_Task prompt_.
Out of the material that follows, write out exactly the lines from the line with "3月10日(金)今日の授業風景 その7 公開日" to the line with "Бордовый приставной столик", both ends included, and no others.

_Data for review_.
>>>>>

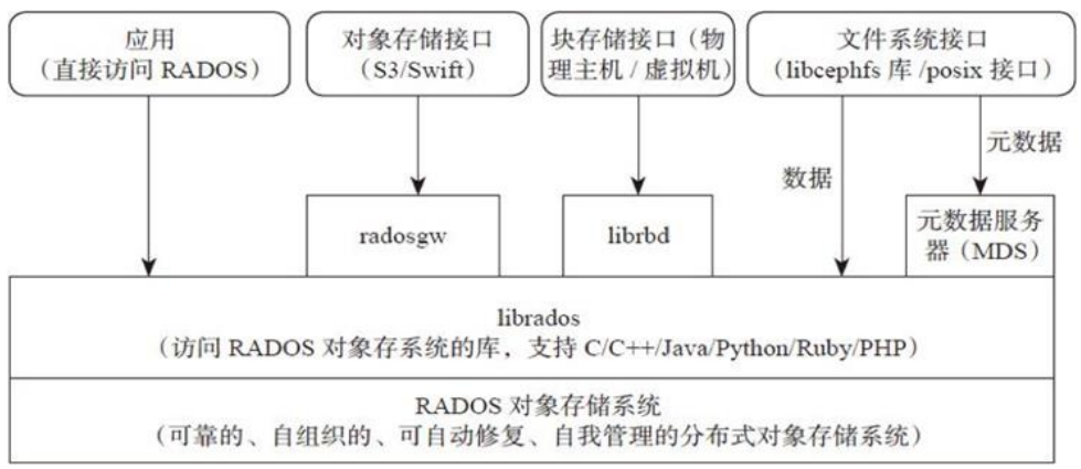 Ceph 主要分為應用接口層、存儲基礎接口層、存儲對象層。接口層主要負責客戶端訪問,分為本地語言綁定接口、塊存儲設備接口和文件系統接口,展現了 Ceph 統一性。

<<<<<
>>>>>

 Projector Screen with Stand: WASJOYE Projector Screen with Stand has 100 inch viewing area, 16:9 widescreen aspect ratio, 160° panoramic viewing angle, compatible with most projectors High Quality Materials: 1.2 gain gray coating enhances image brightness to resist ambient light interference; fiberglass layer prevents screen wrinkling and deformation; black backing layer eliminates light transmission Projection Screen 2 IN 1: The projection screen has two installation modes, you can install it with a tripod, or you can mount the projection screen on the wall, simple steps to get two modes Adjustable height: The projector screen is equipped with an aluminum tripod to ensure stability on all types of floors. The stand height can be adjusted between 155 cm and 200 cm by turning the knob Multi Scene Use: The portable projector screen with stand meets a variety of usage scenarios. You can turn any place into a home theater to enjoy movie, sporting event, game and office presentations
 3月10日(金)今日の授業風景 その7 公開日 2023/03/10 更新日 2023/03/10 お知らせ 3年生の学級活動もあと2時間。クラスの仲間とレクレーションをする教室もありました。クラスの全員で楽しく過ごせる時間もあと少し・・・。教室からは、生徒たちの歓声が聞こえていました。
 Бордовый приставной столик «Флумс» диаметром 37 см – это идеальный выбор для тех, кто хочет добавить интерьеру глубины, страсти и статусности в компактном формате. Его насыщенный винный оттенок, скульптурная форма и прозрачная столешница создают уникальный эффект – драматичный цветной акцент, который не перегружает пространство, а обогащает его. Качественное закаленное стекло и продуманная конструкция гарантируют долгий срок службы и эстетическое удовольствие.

<<<<<

_Solution for this exercise_.
 3月10日(金)今日の授業風景 その7 公開日 2023/03/10 更新日 2023/03/10 お知らせ 3年生の学級活動もあと2時間。クラスの仲間とレクレーションをする教室もありました。クラスの全員で楽しく過ごせる時間もあと少し・・・。教室からは、生徒たちの歓声が聞こえていました。
 Бордовый приставной столик «Флумс» диаметром 37 см – это идеальный выбор для тех, кто хочет добавить интерьеру глубины, страсти и статусности в компактном формате. Его насыщенный винный оттенок, скульптурная форма и прозрачная столешница создают уникальный эффект – драматичный цветной акцент, который не перегружает пространство, а обогащает его. Качественное закаленное стекло и продуманная конструкция гарантируют долгий срок службы и эстетическое удовольствие.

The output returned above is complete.